Dunelm positive despite ‘challenging market’

Under promising and over-delivering is a good approach for boards and investor relations departments, but are retailers overdoing ‘post-Brexit tough market conditions’ worries? It’s become almost a reflex, with mention in virtually every company update this year. UK retail sales numbers continue to show resilience yet the companies who earn their crust in this environment keep on stressing how tough it is.

In September Dunelm warned that the trading climate would remain challenging as disposable incomes of the average British shopper come under pressure. Despite this it suggested there had been an encouraging start to the year in the first two months of Q1.

It wasn’t exaggerating, on the second part at least. Total revenue for the first quarter rose by 24.8% to £247.9m, with a like-for-like improvement of 9.3%. Better weather and an easy comparison with last year helped.

Margins have taken a battering thanks to the inclusion of sales from the lower margin Worldstores. In addition, Dunelm notes that a ‘focus on newness in our latest ranges and the planned higher seasonal sales mix’ hit margins by a similar amount. This is not going to last, though, and margins should be in line with last year for Dunelm, but lower for the group due to the addition of Worldstores.

Shares in Dunelm have already fallen due to the soft performance last year that saw profits decline more than 28%, but with a resilient UK retail market, online growth from Worldstores building and easier prior-year comparisons, investors are warming again to the shares. At the open DNLM was up over 6% to 743p.

Slower US sales growth makes Ted Baker look a little less sharp

Further evidence that it's not all doom and gloom in the retail sector came by way of another upbeat trading statement from Ted Baker.

But does Ted Baker really reflect the wider UK retail market? Probably not: this is more and more a global brand rather than a straight British high street retailer. A new store in Kuwait with further openings planned in Qatar, Malaysia, Mexico and its first in India later this year point to the kind of global expansion that means its revenues and profits will become increasingly less reliant on the UK market. This can only be a good thing for Ted Baker, even if UK retail sales are holding up for the moment. Its push overseas is clearly paying off and the growth looks sustainable and manageable. Its controlled approach to distribution and the focus on brand should continue to put it on a strong footing.

Profits rose broadly in line with expectations, with the company reporting a pre-tax profit of £25.3m, or £24.2m accounting for exceptional items. This ought to keep full-year profits on course to exceed £70m in spite of what it calls ‘challenging external market conditions’.

Whilst sales growth has slowed a touch thanks to competition and falling tourist numbers in the US, these figures build on a strong update in June that reflects the momentum in its international expansion and booming wholesale and online sales.

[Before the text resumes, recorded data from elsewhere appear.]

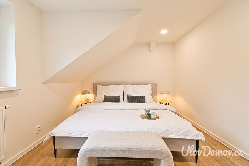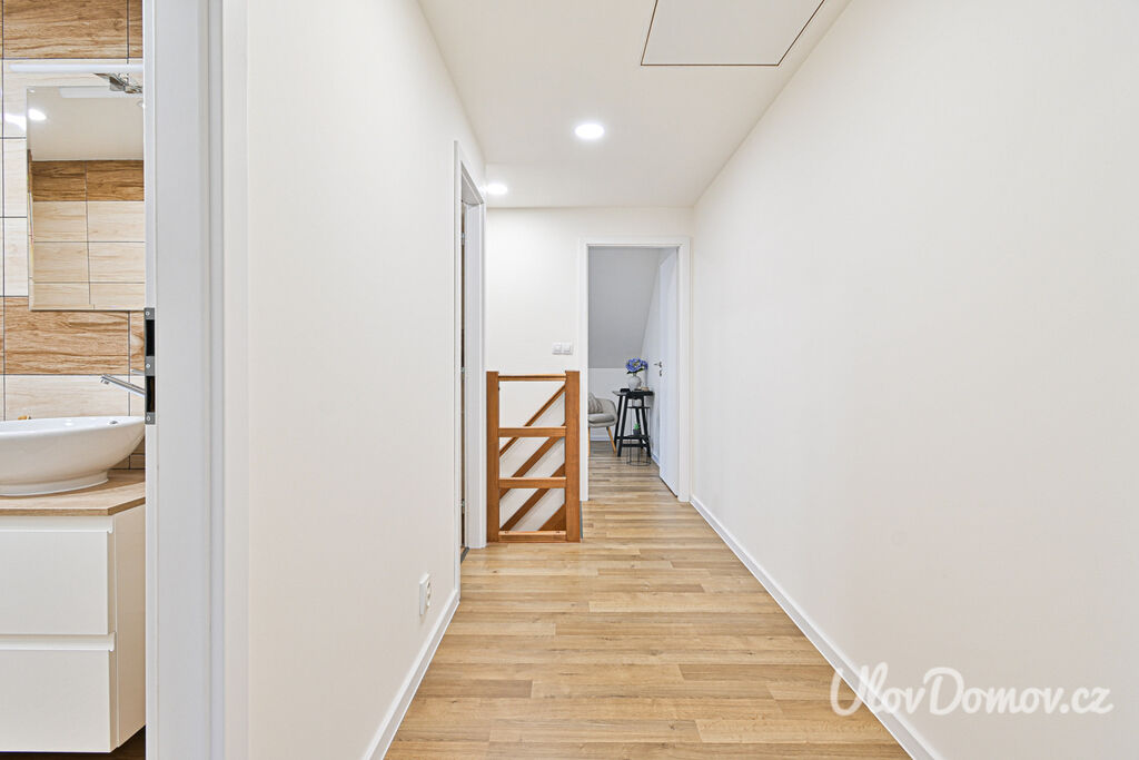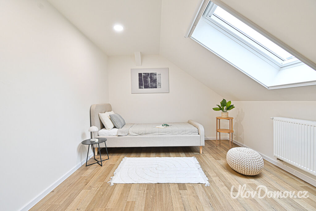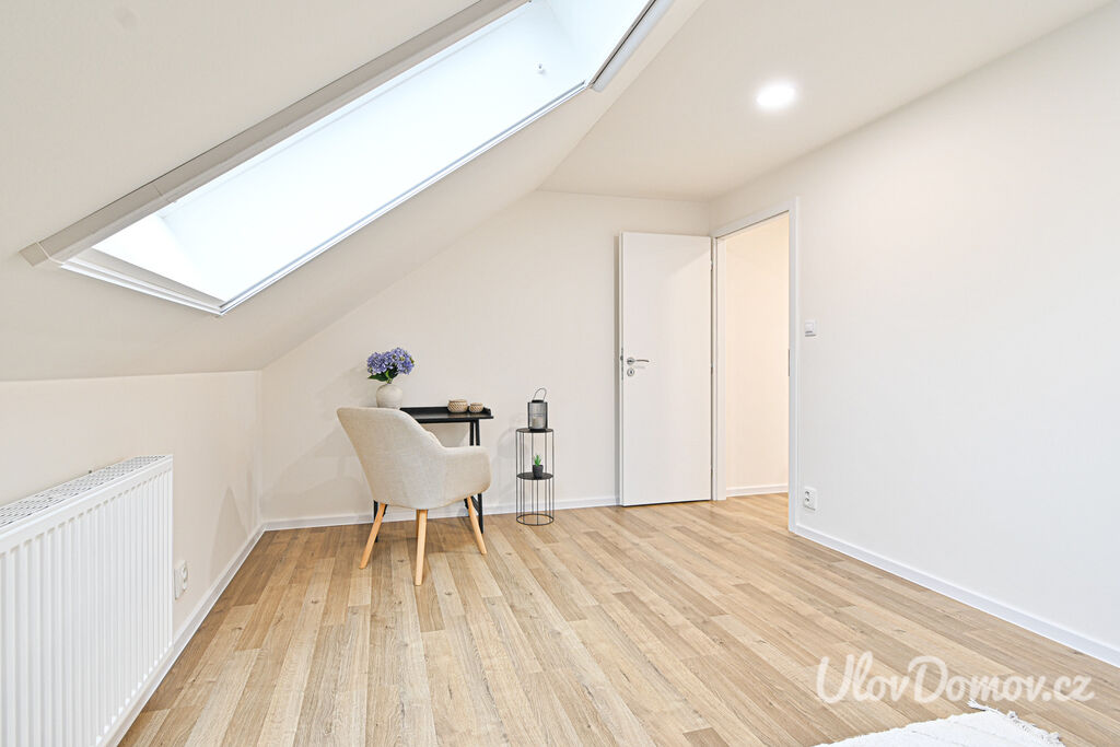 Ve výhradním zastoupení majitele nabízíme ke koupi bytovou jednotku 3+kk o podlahové ploše 85 m2 – polovinu dvojdomu. K bytu dále náleží terasa se zahradou o výměře 115 m², pracovna, kolárna/sklad a úložný prostor v podkroví. Dům, který prošel v roce 2020 kompletní rekonstrukcí, je rozdělen na 2 bytové jednotky. Technický stav odpovídá novostavbě (z původního domu zůstaly jen obvodové konstrukce).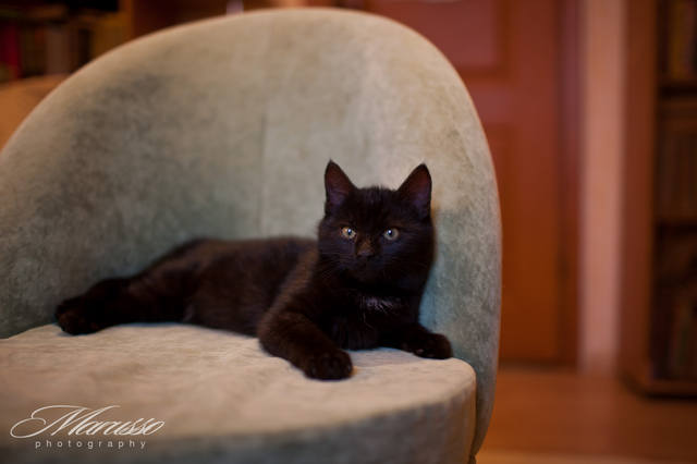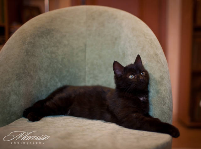 Наверное чувствует ответственность.Зовут его Сема. По заключению ветеринара, ему всего около 4- х месяцев от роду, но его активности, напористости, сообразительности и хорошему аппетиту позавидуют более взрослые особи..А уж обаяния у него с избытком. При всей ненависти к котам Куша сдался в его плен и во всем ему потакает .С лотком нет никаких проблем - ходит в древесный наполнитель.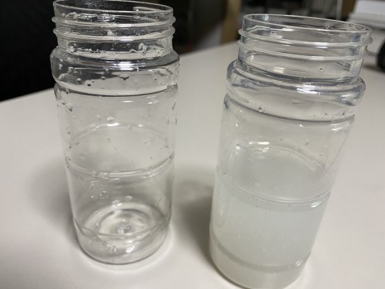 これを元の空き容器に入れる。時間とともに気泡は少しずつ消えていく。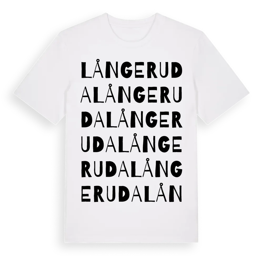 Långeruda ordlek t-shirt är inspirerad av byn Långeruda i Kalmar län, Sverige. Tröjan är designad för dig som har en speciell koppling till platsen – oavsett om du bor här, har rötterna här eller bara älskar Långeruda.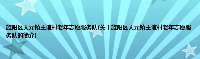 旌阳区天元镇王谊村老年志愿服务队(关于旌阳区天元镇王谊村老年志愿服务队的简介)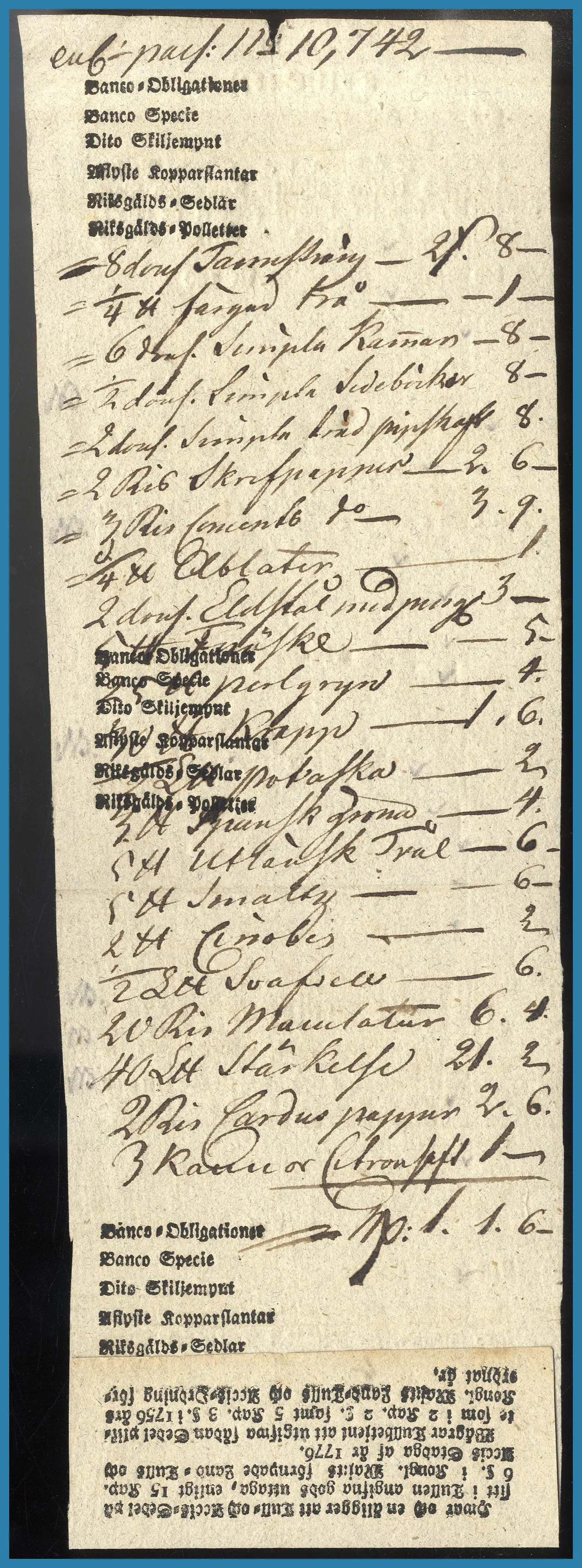 7. (A) Tullpant kvitto, Oanvänt 1700-talet.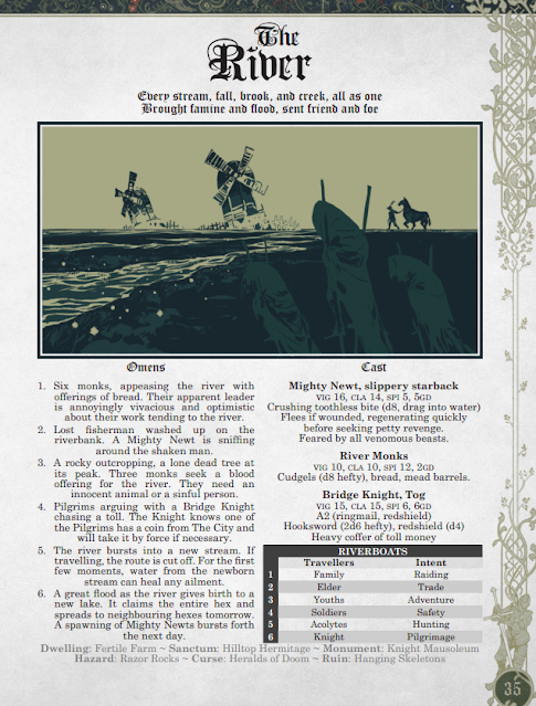 Este primer elemento ya sorprenderá a los conocedores de juegos Powered by the Apocalypse. Si recuerdan Dungeon World, recordarán que los frentes, también, tienen portentos, eventos que van marcando el avance de un frente hacia la realización de su potencial. En Mythic Bastionland pasaría lo mismo, sólo que los mitos son una entidad propia de la ficción, y no sólo una mecánica. Además, los portentos, que ya vienen escritos, son mucho más evocadores, y portadores de una estética extraña que separa a MyBa de cualquier juego de fantasy del montón.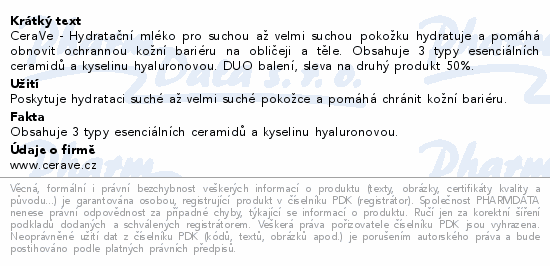 CeraVe - Hydratační mléko pro suchou až velmi suchou pokožku hydratuje a pomáhá obnovit ochrannou kožní bariéru na obličeji a těle. Obsahuje 3 typy esenciálních ceramidů a kyselinu hyaluronovou. DUO balení, sleva na druhý produkt 50%.
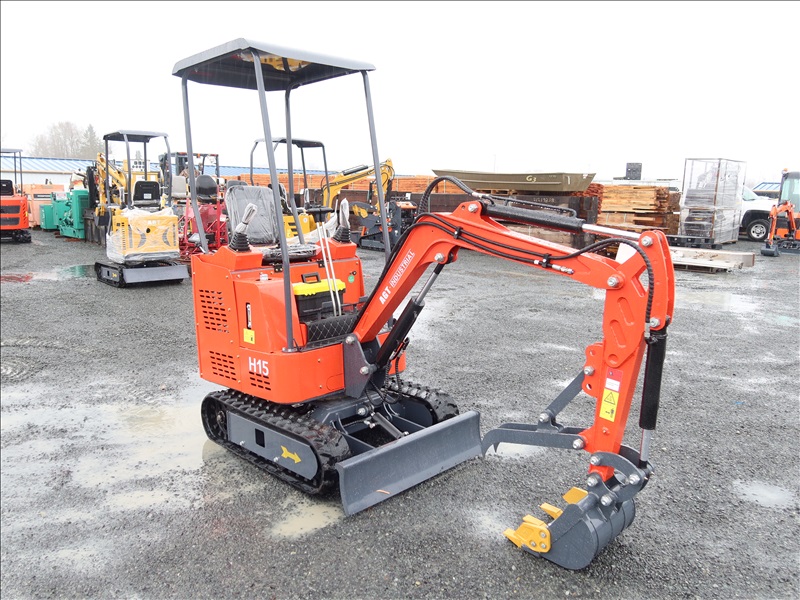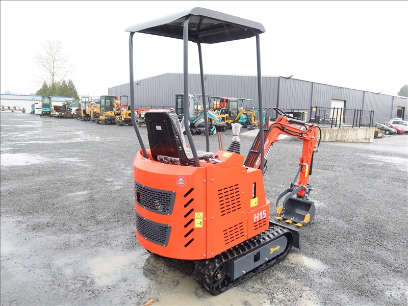 MINI EXCAVATOR, 13.5 HP RATO 420CC GAS, 15" BUCKET, THUMB, AUX HYD, BLADE, RUBBER TRACKS, CANOPY

Ecommerce sales jumped 44%, while wholesale sales rose 14%.

The UK still accounts for the lion’s share of sales but the fastest growth is seen in Asia (+29.5% versus 15.8% last year), while North America is also strong (+18.8%), albeit this was down from 28.7% growth in the same period of last year. The slowing in North American sales growth does take a shine off otherwise stellar numbers.

Constant currency sales arguably tell us more and these look good, particularly in Asia. Asian sales growth on this basis climbed from 6.5% last year to 19.6% this year. In North America it’s fallen from 18.8% to 7.8%, while in the UK and Europe it has risen from 6.7% to 9.1%. Across group, sales growth has slowed a touch to 14% from 14.4% a year before, or from 10.7% to 9.5% on a constant currency basis.

Shares in Ted Baker remain about 20% below their peak two years ago and despite a 20% rise from the July trough they are still down year-to-date. But with continued international expansion on fixed central costs, it may recover further into the year-end.